Source information
╭──

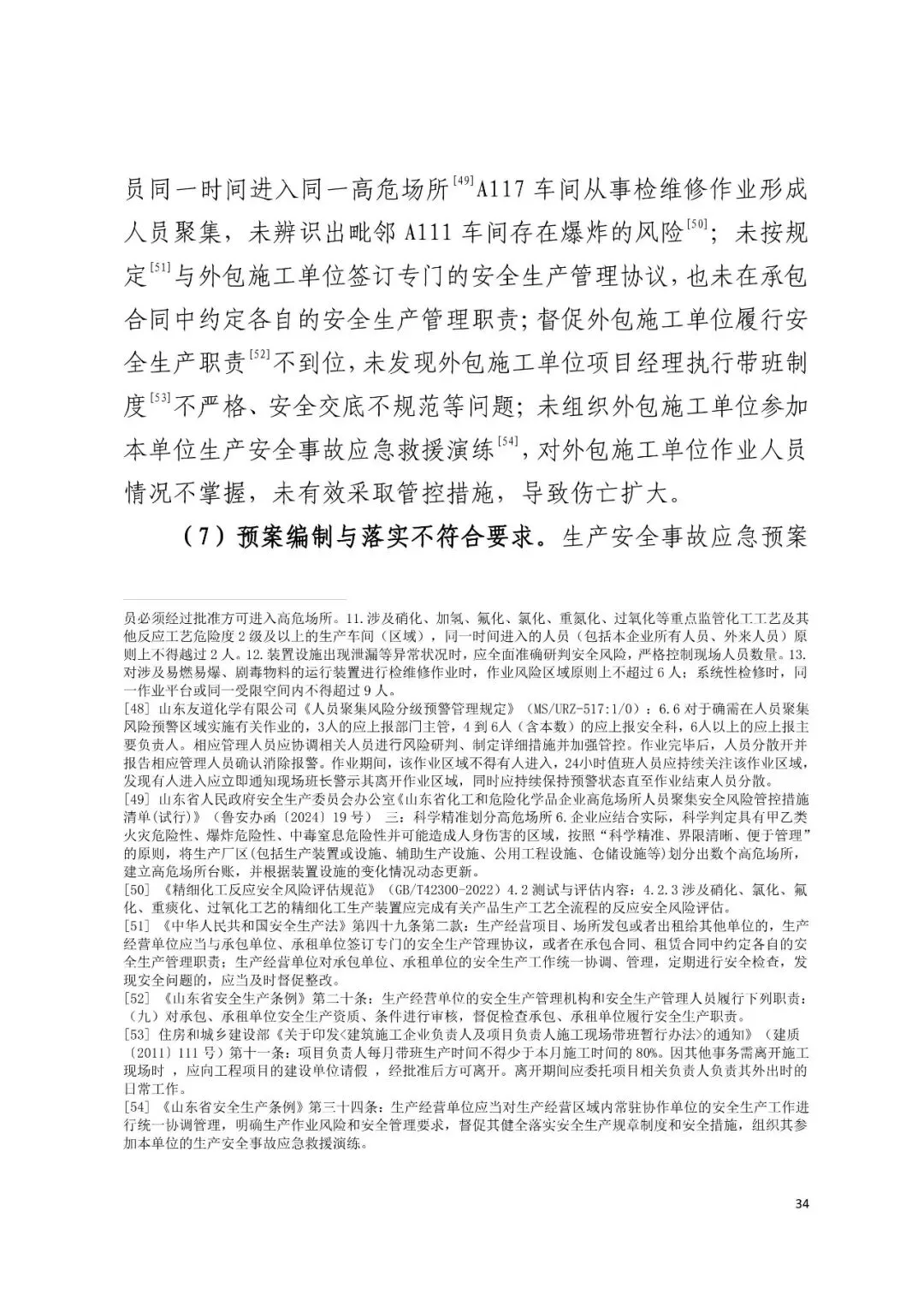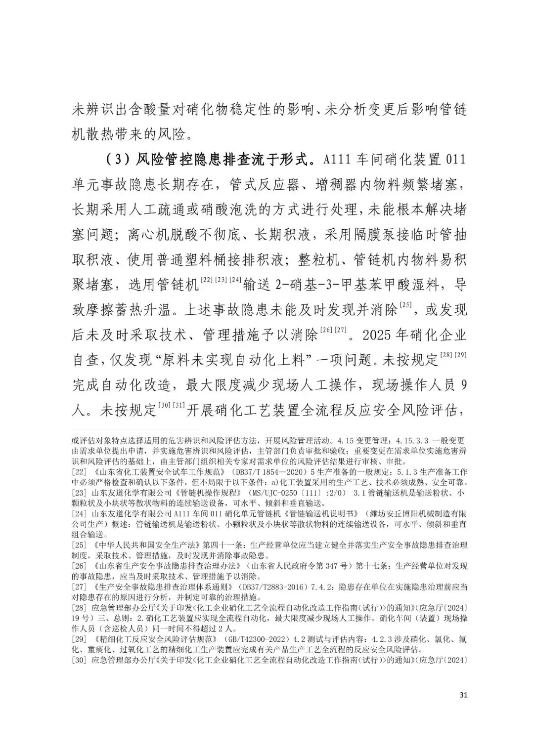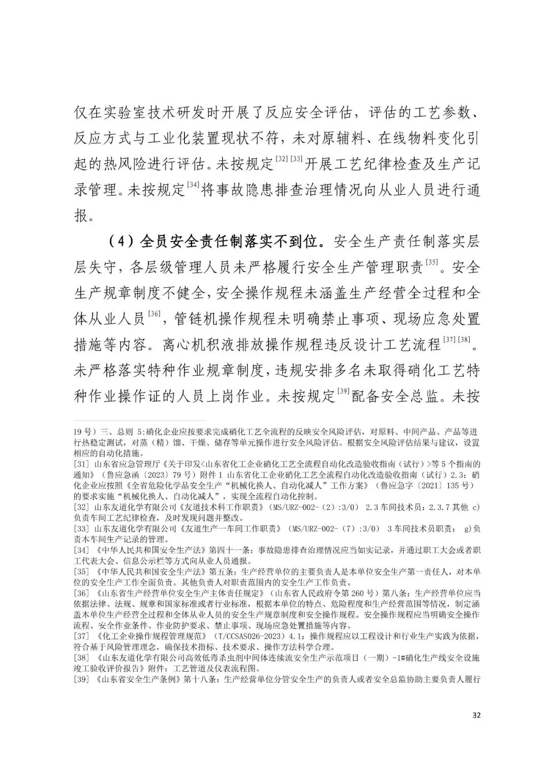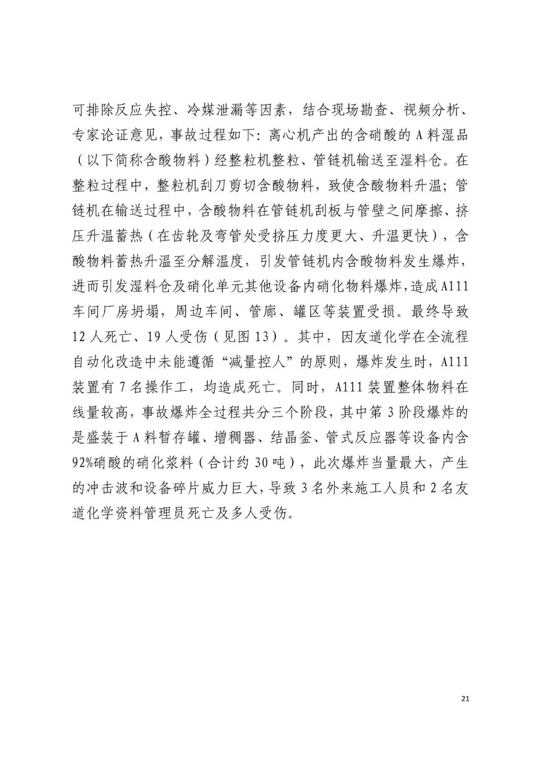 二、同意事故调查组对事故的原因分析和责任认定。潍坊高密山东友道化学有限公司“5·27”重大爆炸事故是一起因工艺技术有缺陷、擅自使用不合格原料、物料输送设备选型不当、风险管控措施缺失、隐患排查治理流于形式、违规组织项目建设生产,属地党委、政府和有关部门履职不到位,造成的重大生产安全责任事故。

╰──
╭──

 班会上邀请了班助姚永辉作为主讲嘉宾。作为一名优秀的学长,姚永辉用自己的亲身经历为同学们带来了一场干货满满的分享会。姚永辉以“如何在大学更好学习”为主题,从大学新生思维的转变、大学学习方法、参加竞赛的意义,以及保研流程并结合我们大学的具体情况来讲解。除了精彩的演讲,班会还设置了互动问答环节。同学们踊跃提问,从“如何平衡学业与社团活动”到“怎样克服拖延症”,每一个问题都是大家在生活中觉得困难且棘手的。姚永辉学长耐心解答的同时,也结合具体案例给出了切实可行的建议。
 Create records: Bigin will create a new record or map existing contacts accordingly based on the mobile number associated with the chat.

╰──

What is expected
There is a run of lines above from the one with "班会上邀请了班助姚永辉作为主" to the one with "Create records: Bigin"; print exactly that run, both ends included, and nothing else.

Written solution
 班会上邀请了班助姚永辉作为主讲嘉宾。作为一名优秀的学长,姚永辉用自己的亲身经历为同学们带来了一场干货满满的分享会。姚永辉以“如何在大学更好学习”为主题,从大学新生思维的转变、大学学习方法、参加竞赛的意义,以及保研流程并结合我们大学的具体情况来讲解。除了精彩的演讲,班会还设置了互动问答环节。同学们踊跃提问,从“如何平衡学业与社团活动”到“怎样克服拖延症”,每一个问题都是大家在生活中觉得困难且棘手的。姚永辉学长耐心解答的同时,也结合具体案例给出了切实可行的建议。
 Create records: Bigin will create a new record or map existing contacts accordingly based on the mobile number associated with the chat.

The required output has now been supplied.